-------- Data listing --------
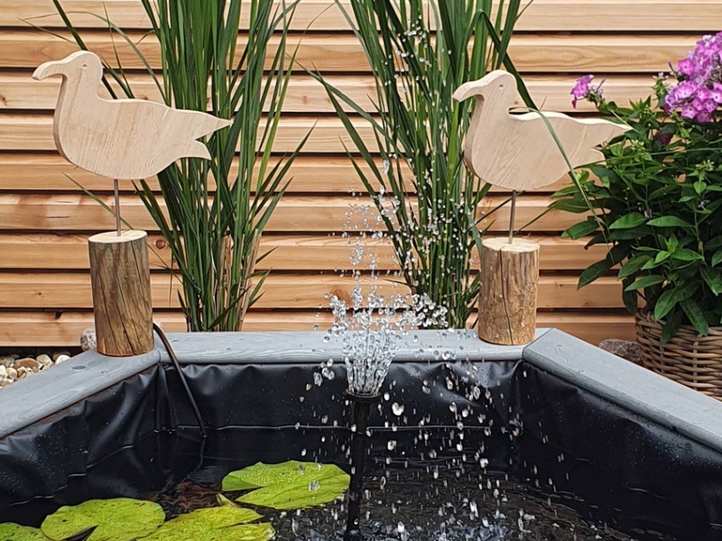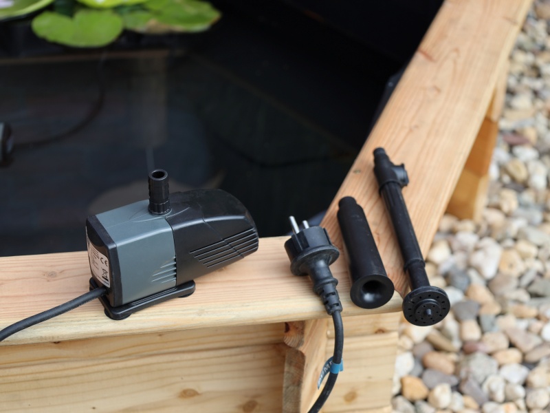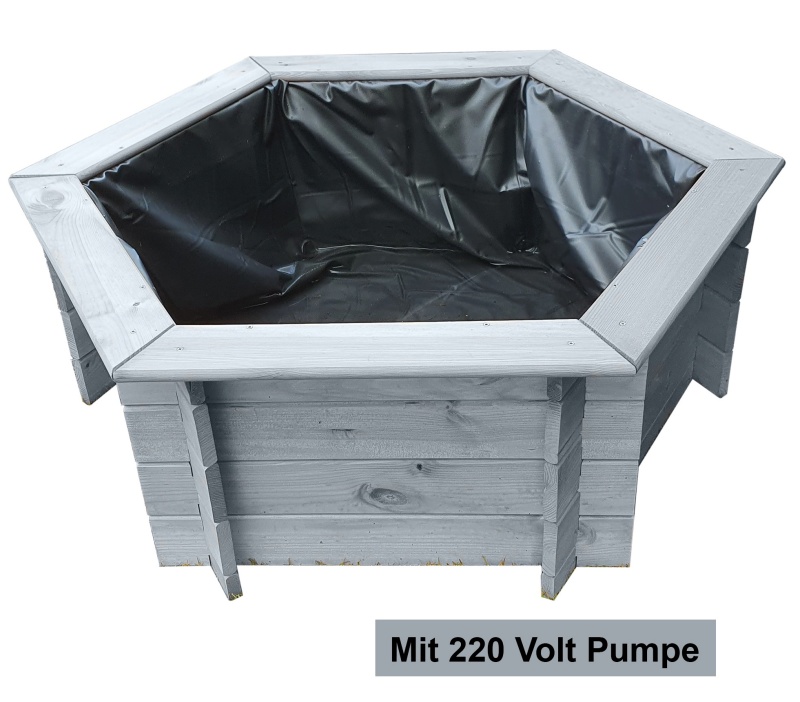 Dekorativer Hochteich aus massivem Kiefernholz, wetterfest imprägniert. Zum Lieferumfang gehören eine Teichfolie und eine hochwertige Teichpumpe (600 ltr/Std., 10 m Kabel) mit Springbrunnendüsen. Durchmesser 100 cm.
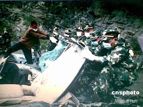 组图:武警官兵抗震救灾途中就展开救援抢险(2)
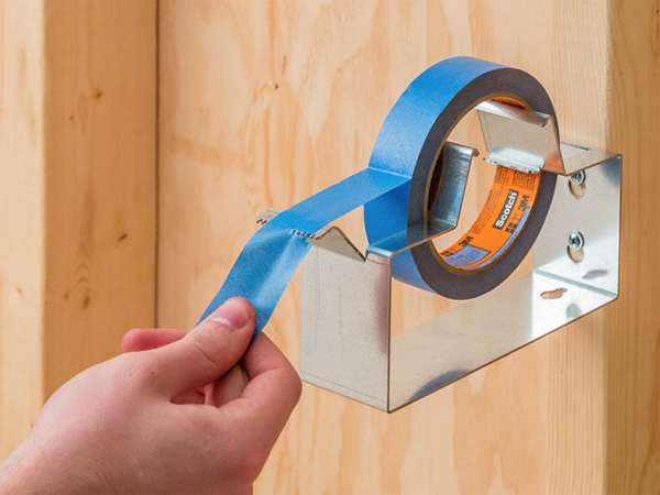 Metal dispenser keeps masking tape at the ready.
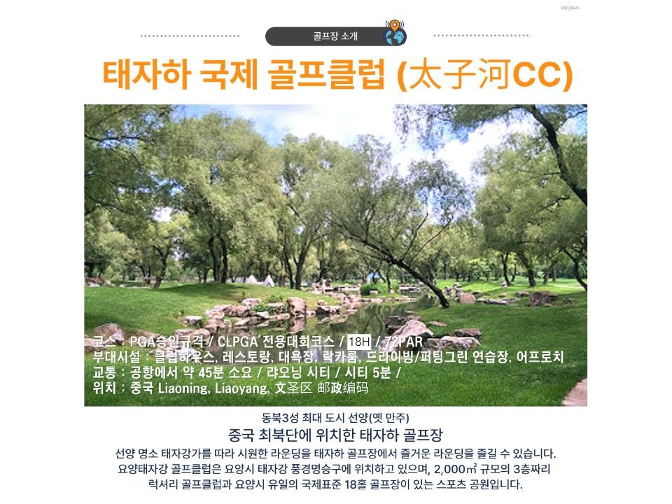 심양의 명소 태자강가를 따라 고수부지 내에 만들어진 중상급의 골프장으로 강변 바람과 많은 고목들이 있어 시원한 라운딩을 즐길수 있는 것이 특징이다. 요양 태자하 골프클럽은 요양시 태자강 풍경명승구에 위치하고 있으며 3층 규모의 럭셔리한 클럽하우스와 요양시 유일의 국제표준 18홀 골프장이 있는 스포츠 공원입니다.
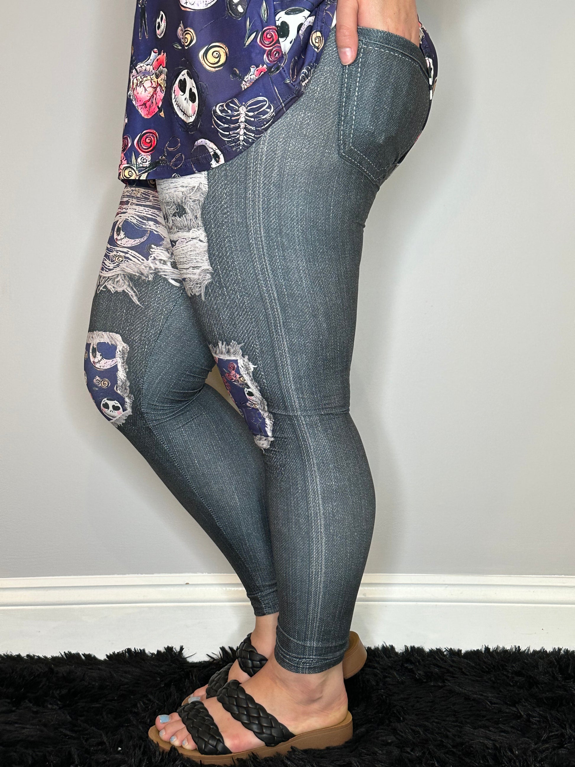 Black Denim Dark Skelly Leggings w/ Back Pockets
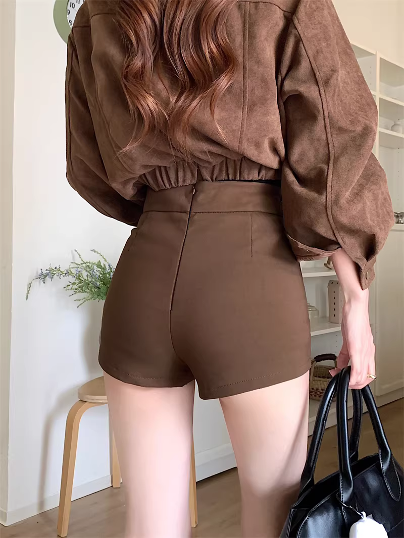 Quần short màu nâu dành cho nữ, thích hợp cho mùa xuân, mùa thu và mùa đông, quần sành điệu và hấp dẫn, quần bó sát, quần ngắn gợi cảm, quần short bốt.
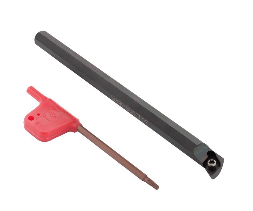 Токарный резец (державка) расточной S08K-SDQCL07 фирмы SANT является идеальным инструментом для внутреннего продольного точения и подрезки торца металлических изделий при помощи сменные твердосплавные пластины типа DC..T 0702... Крепление пластины к державке S08K-SDQCL07 осуществляется S - Фиксация винтом. Державка S08K-SDQCL07 типа S выполнена из стали без канала для подачи СОЖ. Сечение резца составляет 8 мм, минимальный диаметр растачивания 10 мм. Длина державки S08K-SDQCL07 равна 125 мм, исполнение: левое.
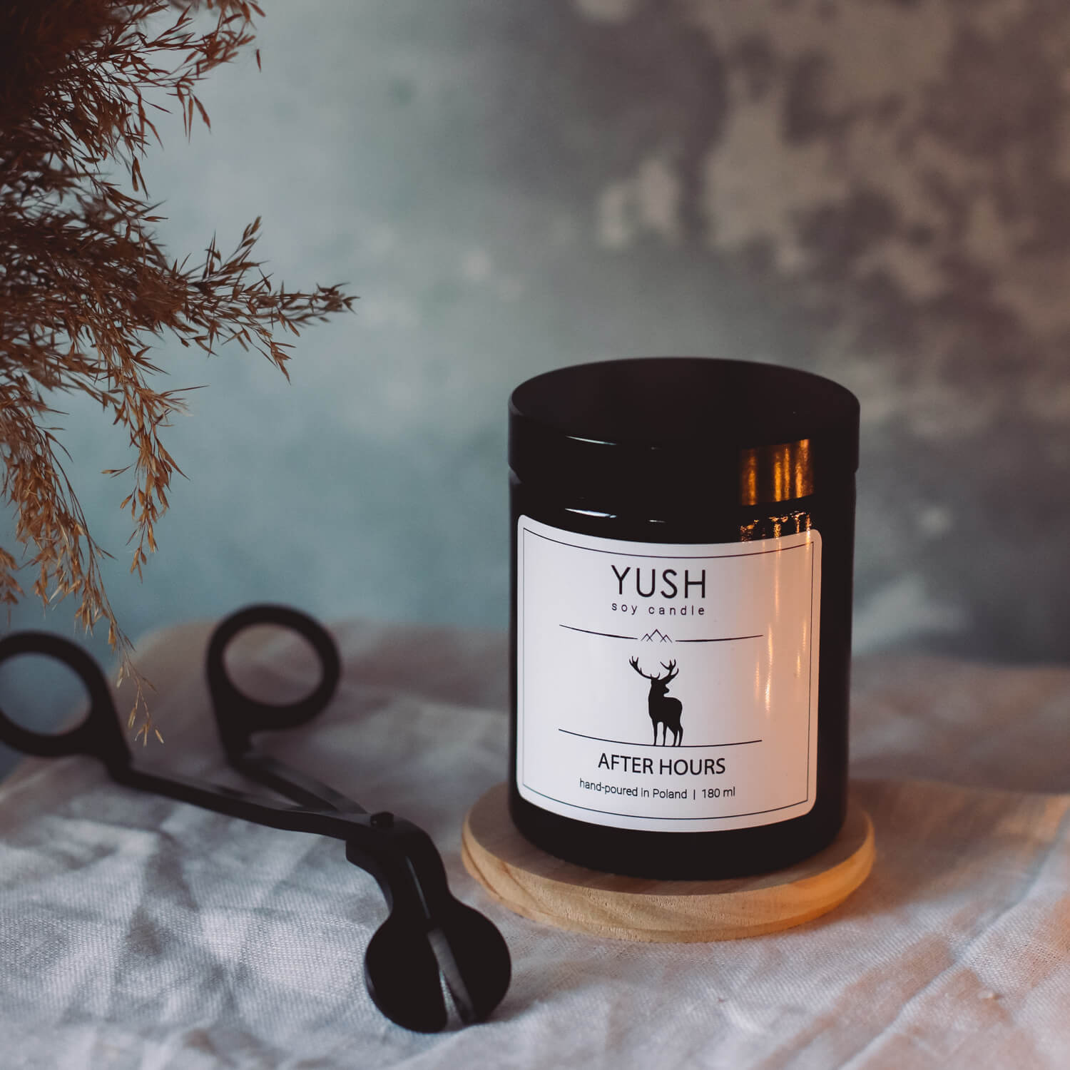 Świeca sojowa After hours to 120ml wosku sojowego z najcudowniejszymi aromatami: grejpfrutem, drzewną bazą, paczulą i ambrą. Część z naszych klientów w After hours odnajduje także zapachy cytrusów i aromatycznej żywicy. Każda świeca sojowa zamknięta jest w szklanym słoiczku z czarną zakrętką. Każdą świecę możesz zapakować w czarny woreczek zgodnie z filozofią No Waste – dodaj do koszyka – kup woreczek YUSH »
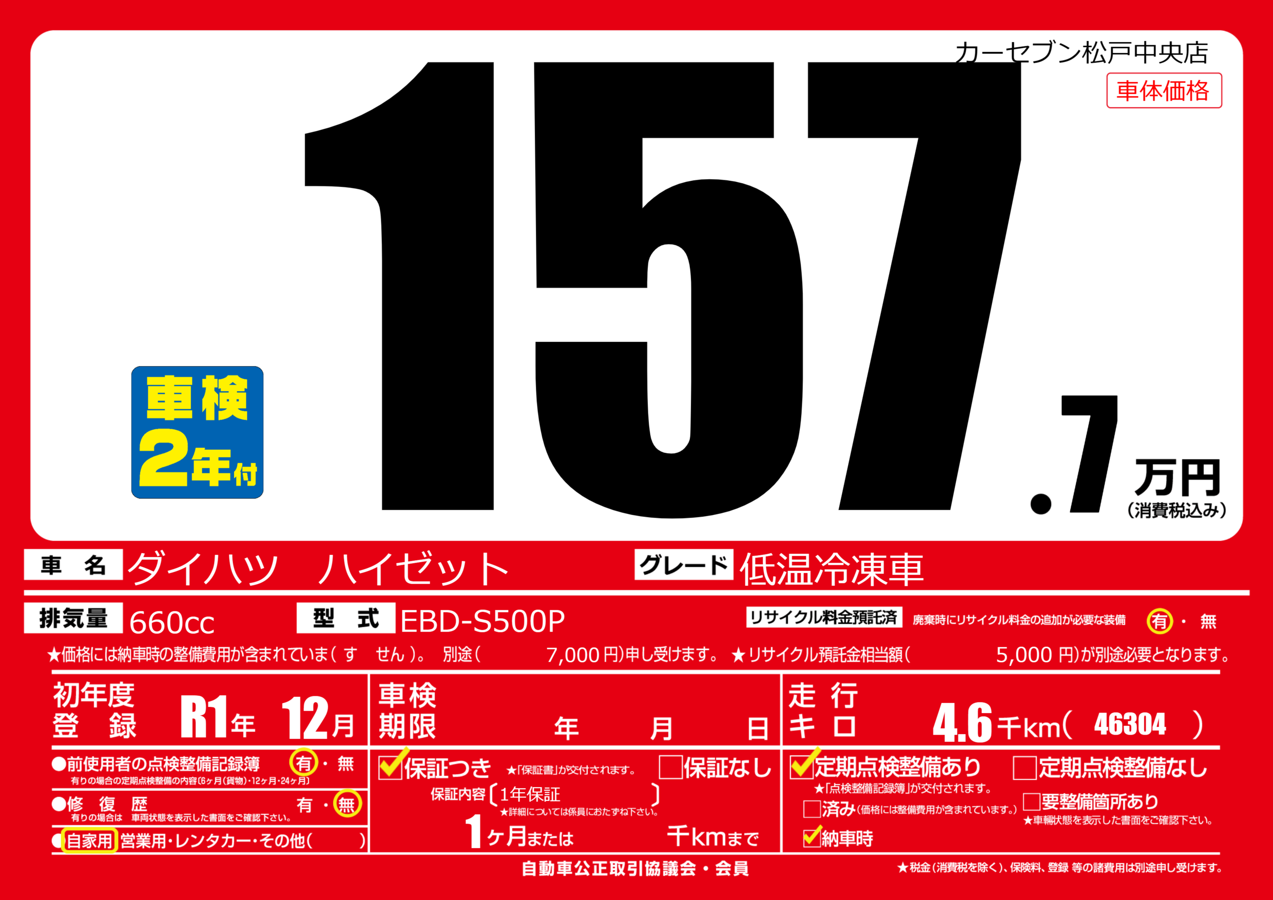 | 車名 | ダイハツ ハイゼット | グレード ミッション 排気量 |
--------
**Exercise details:** Every line above must appear in the answer unchanged, and no picture may appear in it.

**Result for this task:**
 Dekorativer Hochteich aus massivem Kiefernholz, wetterfest imprägniert. Zum Lieferumfang gehören eine Teichfolie und eine hochwertige Teichpumpe (600 ltr/Std., 10 m Kabel) mit Springbrunnendüsen. Durchmesser 100 cm.
 组图:武警官兵抗震救灾途中就展开救援抢险(2)
 Metal dispenser keeps masking tape at the ready.
 심양의 명소 태자강가를 따라 고수부지 내에 만들어진 중상급의 골프장으로 강변 바람과 많은 고목들이 있어 시원한 라운딩을 즐길수 있는 것이 특징이다. 요양 태자하 골프클럽은 요양시 태자강 풍경명승구에 위치하고 있으며 3층 규모의 럭셔리한 클럽하우스와 요양시 유일의 국제표준 18홀 골프장이 있는 스포츠 공원입니다.
 Black Denim Dark Skelly Leggings w/ Back Pockets
 Quần short màu nâu dành cho nữ, thích hợp cho mùa xuân, mùa thu và mùa đông, quần sành điệu và hấp dẫn, quần bó sát, quần ngắn gợi cảm, quần short bốt.
 Токарный резец (державка) расточной S08K-SDQCL07 фирмы SANT является идеальным инструментом для внутреннего продольного точения и подрезки торца металлических изделий при помощи сменные твердосплавные пластины типа DC..T 0702... Крепление пластины к державке S08K-SDQCL07 осуществляется S - Фиксация винтом. Державка S08K-SDQCL07 типа S выполнена из стали без канала для подачи СОЖ. Сечение резца составляет 8 мм, минимальный диаметр растачивания 10 мм. Длина державки S08K-SDQCL07 равна 125 мм, исполнение: левое.
 Świeca sojowa After hours to 120ml wosku sojowego z najcudowniejszymi aromatami: grejpfrutem, drzewną bazą, paczulą i ambrą. Część z naszych klientów w After hours odnajduje także zapachy cytrusów i aromatycznej żywicy. Każda świeca sojowa zamknięta jest w szklanym słoiczku z czarną zakrętką. Każdą świecę możesz zapakować w czarny woreczek zgodnie z filozofią No Waste – dodaj do koszyka – kup woreczek YUSH »
 | 車名 | ダイハツ ハイゼット | グレード ミッション 排気量 |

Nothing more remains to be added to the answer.